■ Work required
Starting with the line that has "N'Diaye è stato" in the records below and stopping after the line that has "- ヒールガード 4枚セット", output every line exactly and nothing else; skip pictures.
---
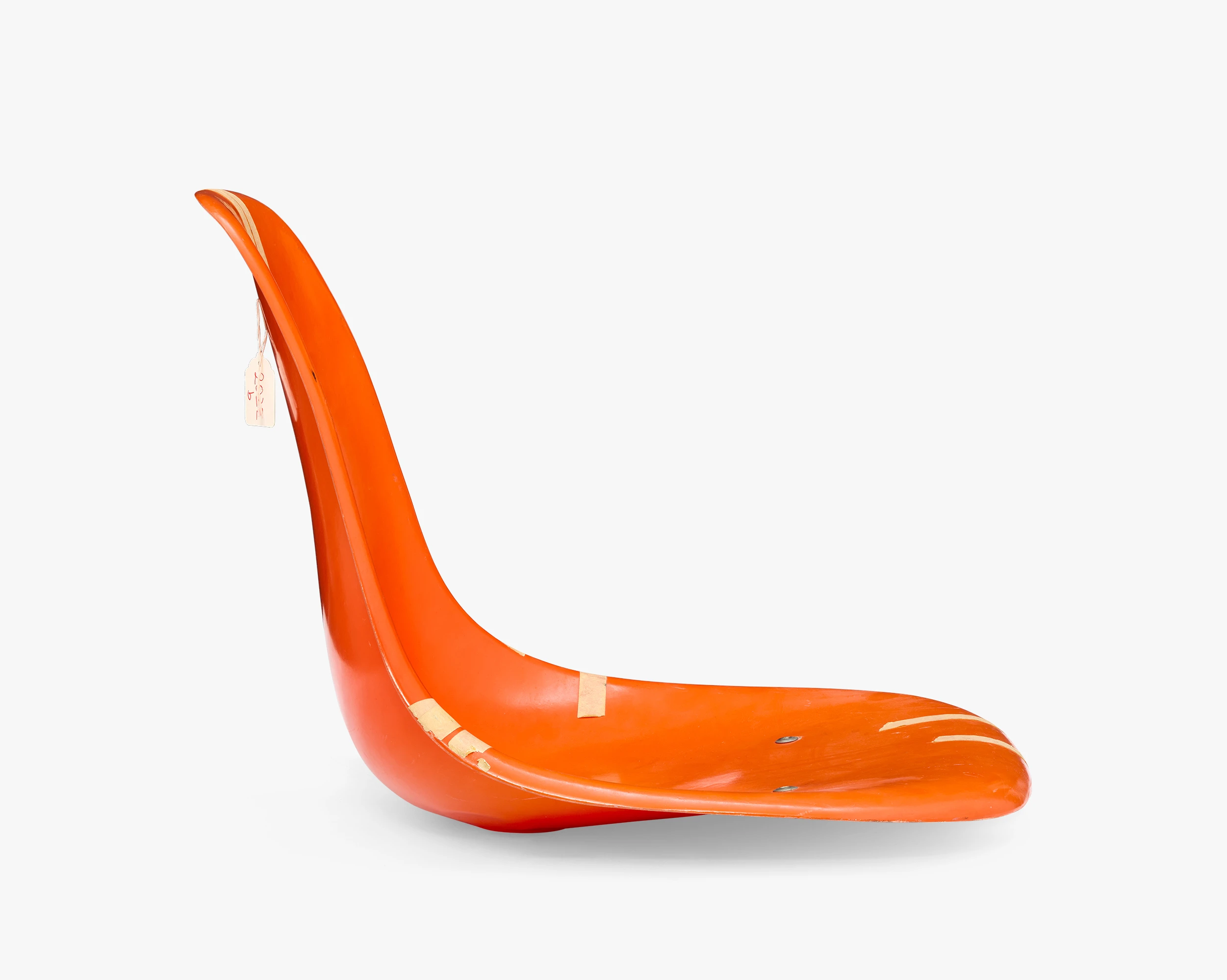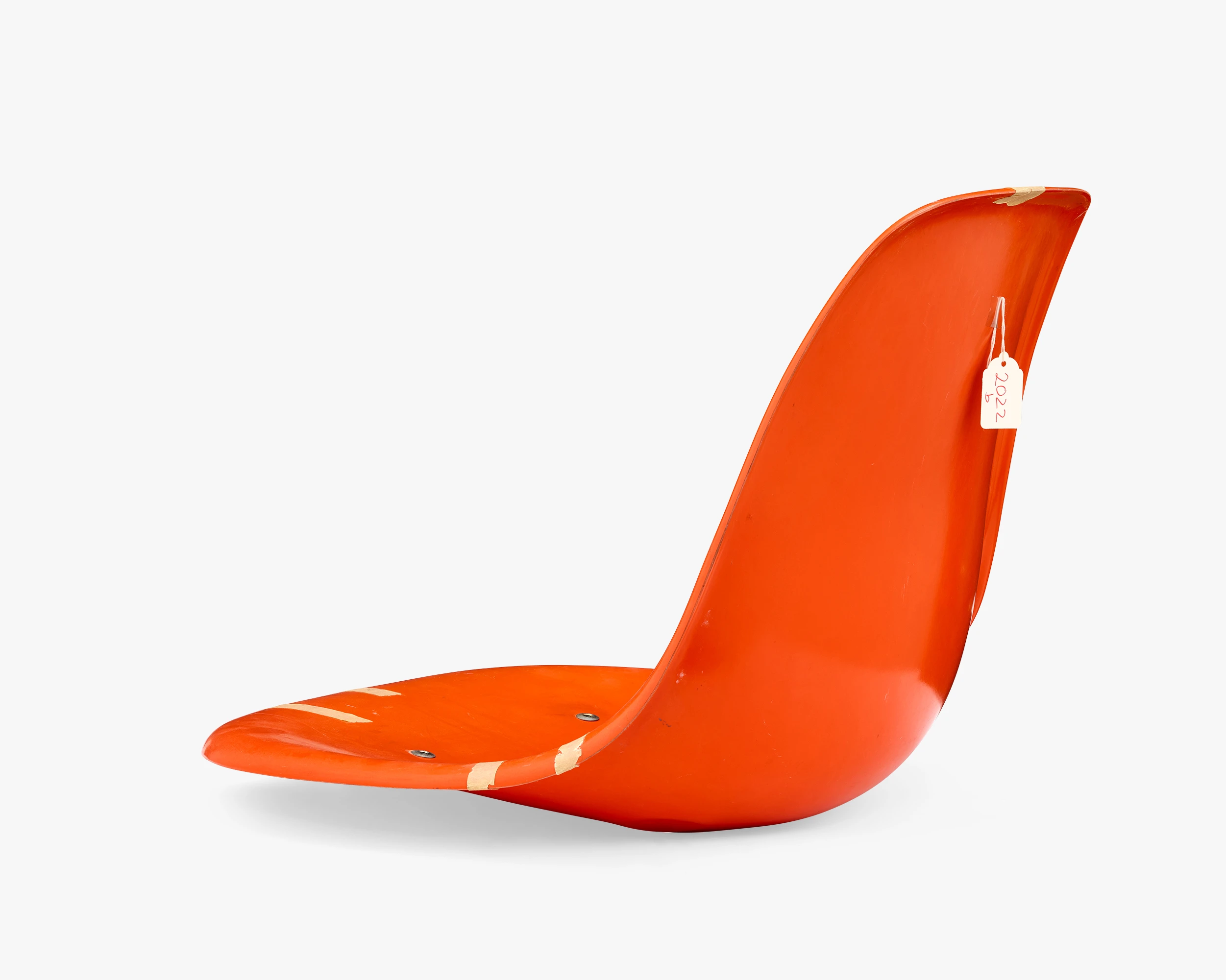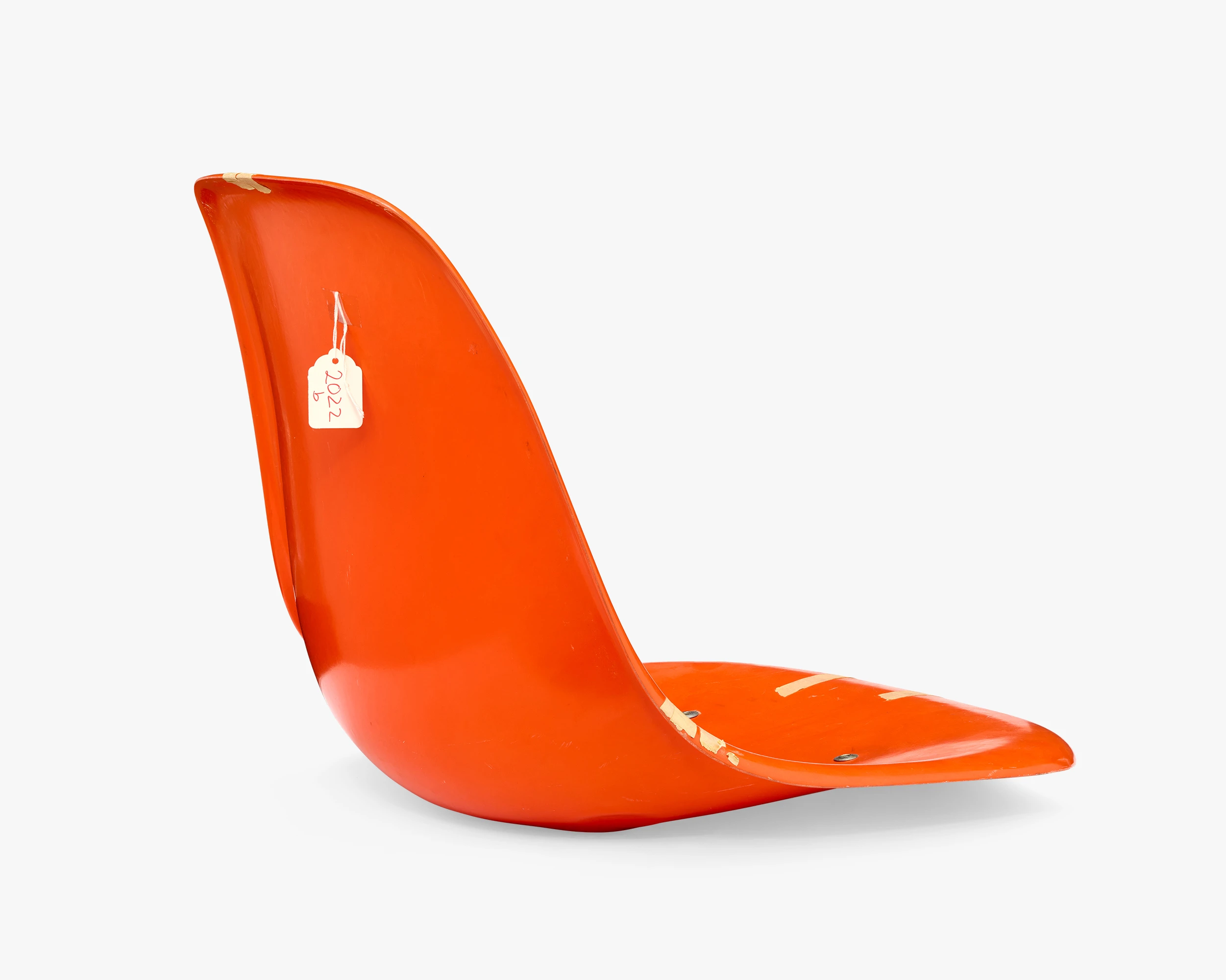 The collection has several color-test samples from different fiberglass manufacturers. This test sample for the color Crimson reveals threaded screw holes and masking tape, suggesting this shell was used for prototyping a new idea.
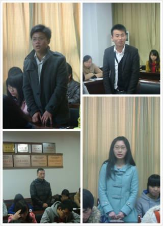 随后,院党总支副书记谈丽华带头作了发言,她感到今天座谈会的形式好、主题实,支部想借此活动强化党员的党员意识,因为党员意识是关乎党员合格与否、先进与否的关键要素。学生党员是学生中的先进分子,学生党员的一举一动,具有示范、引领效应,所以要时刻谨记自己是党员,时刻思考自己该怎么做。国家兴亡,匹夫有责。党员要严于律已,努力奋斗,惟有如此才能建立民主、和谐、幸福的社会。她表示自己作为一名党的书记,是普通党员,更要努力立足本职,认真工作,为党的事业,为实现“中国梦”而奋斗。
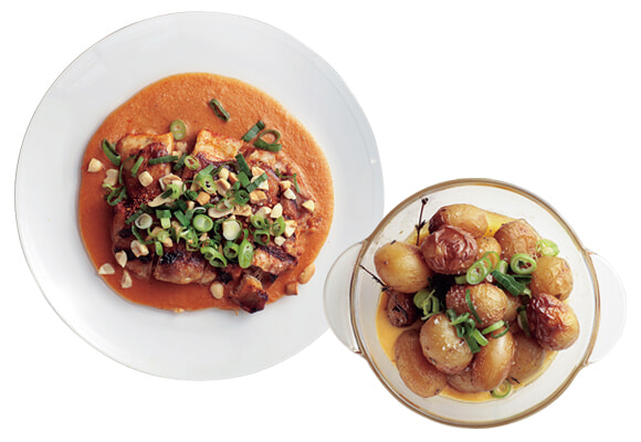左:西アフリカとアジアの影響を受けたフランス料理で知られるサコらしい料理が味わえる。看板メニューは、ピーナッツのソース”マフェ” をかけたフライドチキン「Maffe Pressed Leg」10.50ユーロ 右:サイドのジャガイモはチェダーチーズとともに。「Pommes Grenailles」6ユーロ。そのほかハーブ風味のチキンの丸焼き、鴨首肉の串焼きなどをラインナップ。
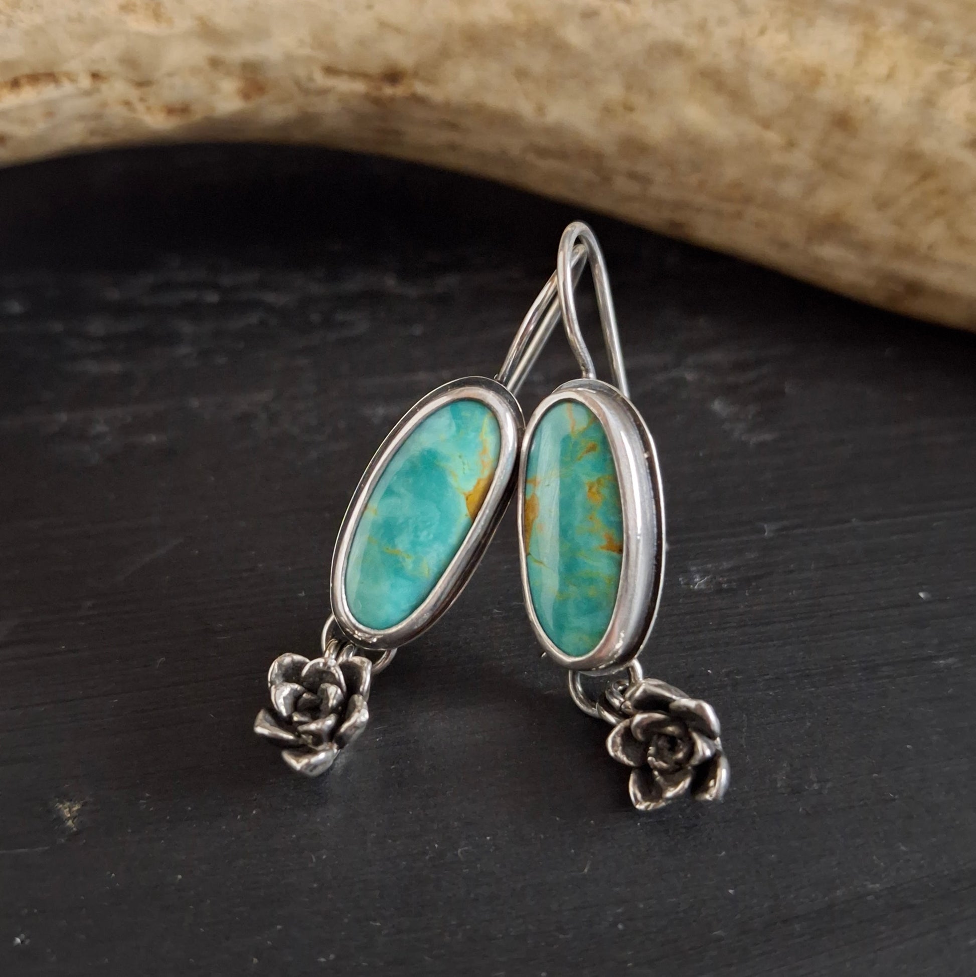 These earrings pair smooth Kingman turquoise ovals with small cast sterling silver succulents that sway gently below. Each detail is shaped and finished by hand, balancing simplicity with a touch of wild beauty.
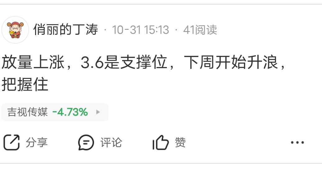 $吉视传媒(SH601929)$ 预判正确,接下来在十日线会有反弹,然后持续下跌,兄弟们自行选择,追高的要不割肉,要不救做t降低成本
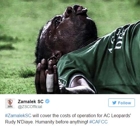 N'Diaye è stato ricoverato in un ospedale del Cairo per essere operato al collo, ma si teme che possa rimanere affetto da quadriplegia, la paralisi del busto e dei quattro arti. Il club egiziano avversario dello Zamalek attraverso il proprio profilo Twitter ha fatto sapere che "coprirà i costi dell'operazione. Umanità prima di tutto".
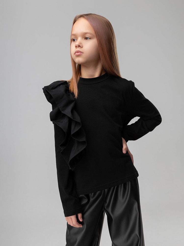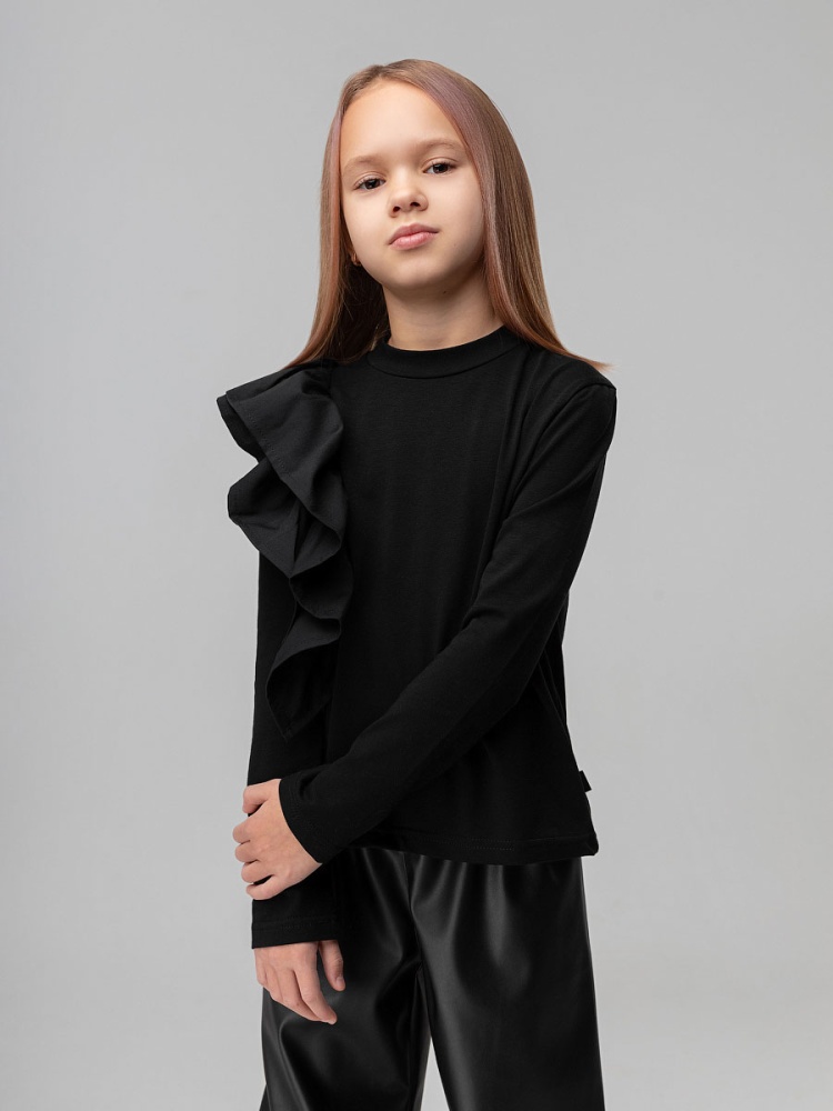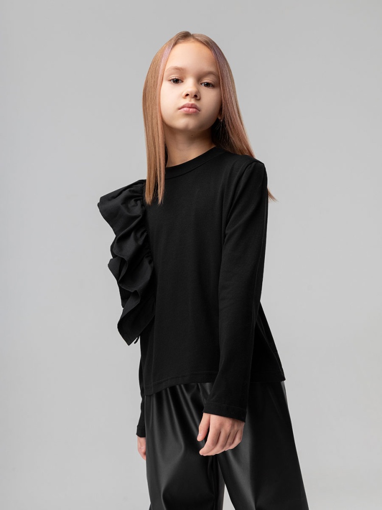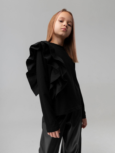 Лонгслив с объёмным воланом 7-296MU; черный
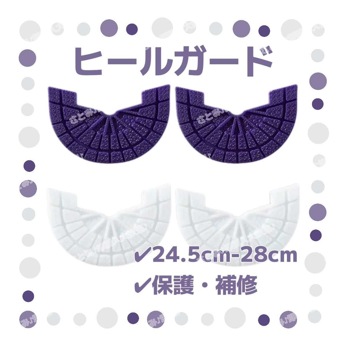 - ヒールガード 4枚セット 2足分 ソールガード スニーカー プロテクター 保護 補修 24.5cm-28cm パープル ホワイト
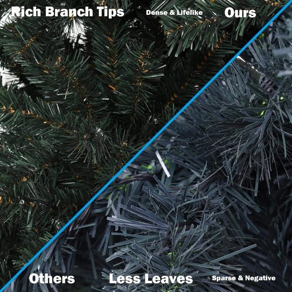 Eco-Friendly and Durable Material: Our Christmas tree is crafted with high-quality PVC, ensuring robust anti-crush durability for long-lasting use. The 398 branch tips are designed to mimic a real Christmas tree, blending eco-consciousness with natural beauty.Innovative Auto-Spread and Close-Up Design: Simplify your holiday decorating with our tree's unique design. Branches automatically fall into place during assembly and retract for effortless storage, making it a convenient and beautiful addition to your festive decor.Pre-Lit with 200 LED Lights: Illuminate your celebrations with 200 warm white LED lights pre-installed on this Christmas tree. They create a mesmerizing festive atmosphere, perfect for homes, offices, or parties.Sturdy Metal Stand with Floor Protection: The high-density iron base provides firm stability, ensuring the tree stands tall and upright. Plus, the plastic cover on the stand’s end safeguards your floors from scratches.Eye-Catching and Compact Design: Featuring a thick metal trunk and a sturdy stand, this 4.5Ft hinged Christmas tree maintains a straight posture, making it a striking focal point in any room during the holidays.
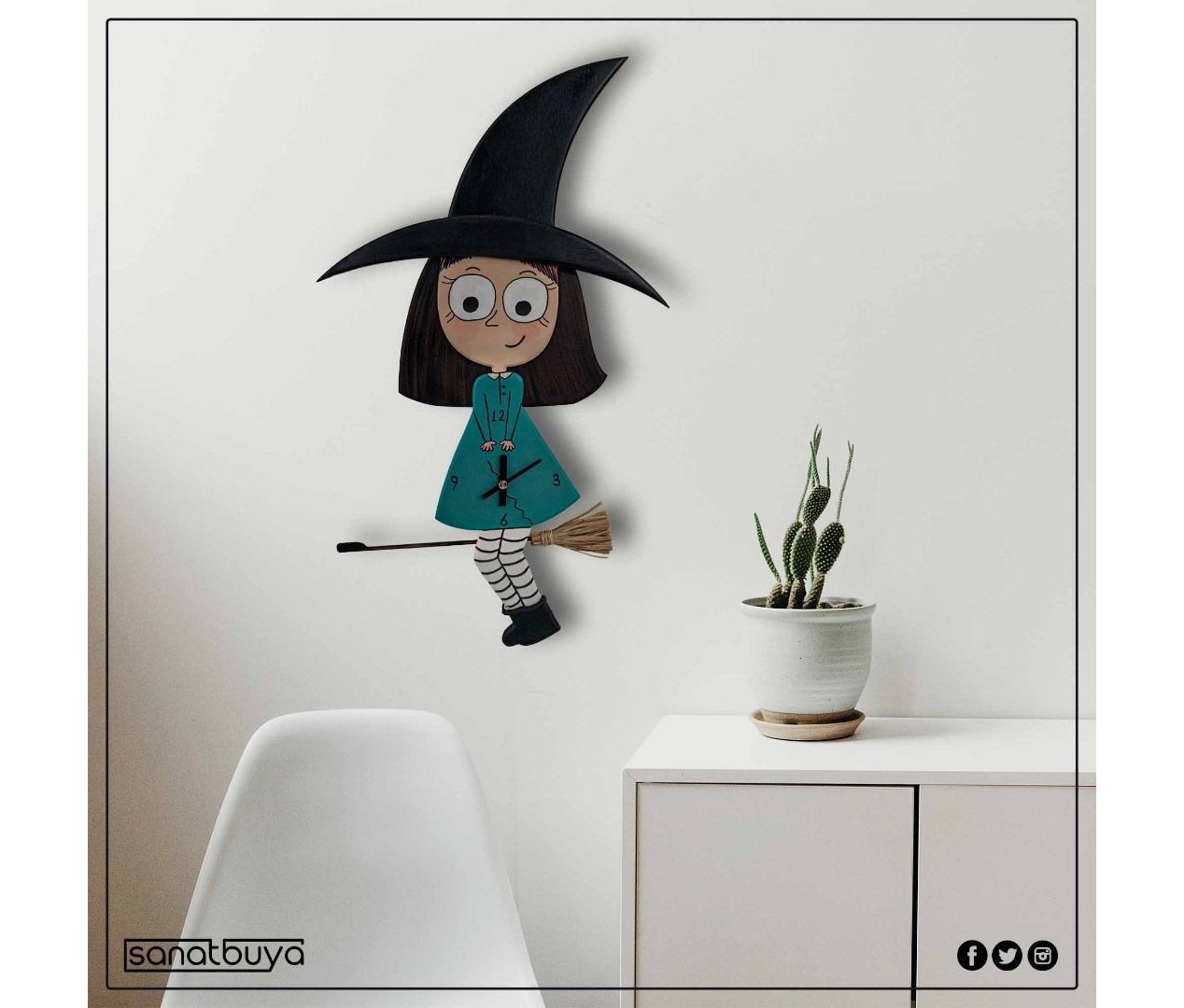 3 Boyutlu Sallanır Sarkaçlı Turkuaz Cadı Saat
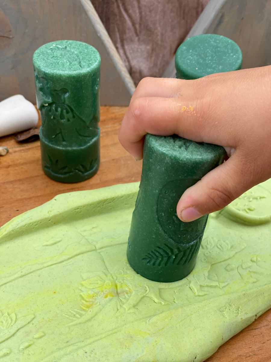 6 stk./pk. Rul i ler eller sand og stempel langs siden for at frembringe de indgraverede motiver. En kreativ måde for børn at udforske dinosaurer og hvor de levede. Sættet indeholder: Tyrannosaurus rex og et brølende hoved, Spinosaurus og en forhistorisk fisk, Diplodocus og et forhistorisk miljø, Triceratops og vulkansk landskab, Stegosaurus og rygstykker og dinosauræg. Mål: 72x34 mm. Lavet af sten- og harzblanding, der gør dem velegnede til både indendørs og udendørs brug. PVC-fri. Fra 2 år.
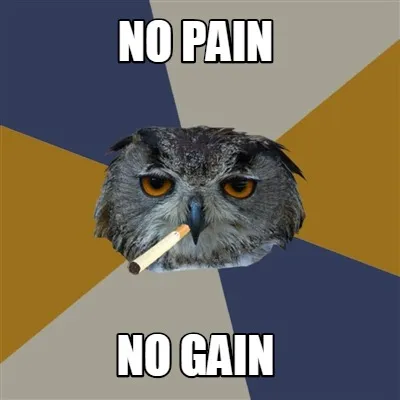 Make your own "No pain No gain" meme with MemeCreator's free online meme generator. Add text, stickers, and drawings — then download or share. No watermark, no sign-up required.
---
■ Result below
 N'Diaye è stato ricoverato in un ospedale del Cairo per essere operato al collo, ma si teme che possa rimanere affetto da quadriplegia, la paralisi del busto e dei quattro arti. Il club egiziano avversario dello Zamalek attraverso il proprio profilo Twitter ha fatto sapere che "coprirà i costi dell'operazione. Umanità prima di tutto".
 Лонгслив с объёмным воланом 7-296MU; черный
 - ヒールガード 4枚セット 2足分 ソールガード スニーカー プロテクター 保護 補修 24.5cm-28cm パープル ホワイト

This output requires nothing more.